▶ _Exercise data_
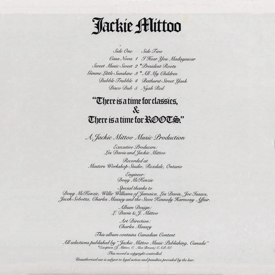 Album design by Les Davis and Jackie Mittoo
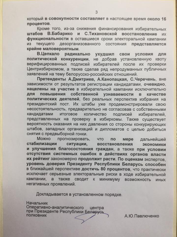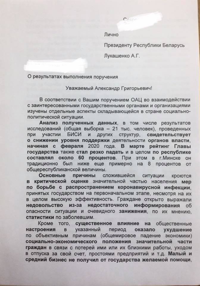 В документе написано, что «в марте рейтинг главы государства стал резко падать и составлял 60%. При этом в Минске он традиционно был ниже еще на 8 процентов».
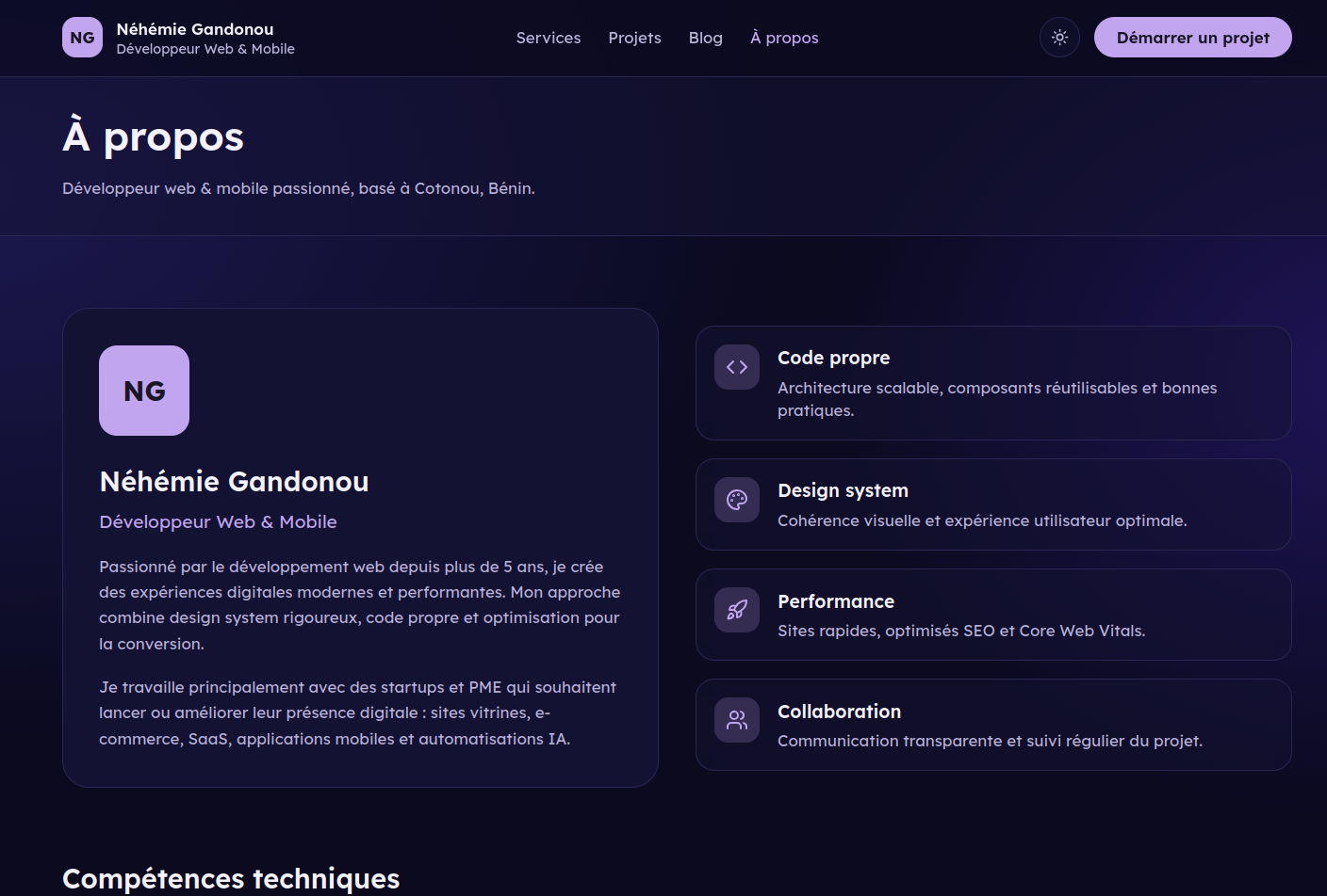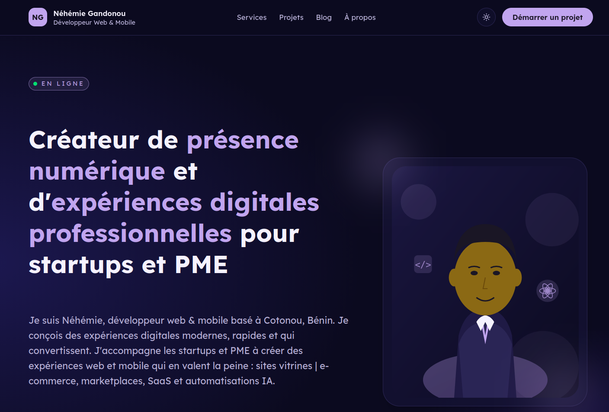 Je suis Néhémie, créateur de présence numérique et d'expériences digitales pour startups et PME depuis plusieurs années. Je construis des produits digitaux robustes et complets qui simplifient votre quotidien, accélèrent votre activité et font sourire vos utilisateurs. 😊
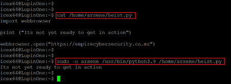 - << sudo -u arsene /usr/bin/python3.9 /home/arsene/heist.py >>

▶ _Activity_
Do not include the images; transcribe the rest of the listing exactly.

▶ _Answer space_
 Album design by Les Davis and Jackie Mittoo
 В документе написано, что «в марте рейтинг главы государства стал резко падать и составлял 60%. При этом в Минске он традиционно был ниже еще на 8 процентов».
 Je suis Néhémie, créateur de présence numérique et d'expériences digitales pour startups et PME depuis plusieurs années. Je construis des produits digitaux robustes et complets qui simplifient votre quotidien, accélèrent votre activité et font sourire vos utilisateurs. 😊
 - << sudo -u arsene /usr/bin/python3.9 /home/arsene/heist.py >>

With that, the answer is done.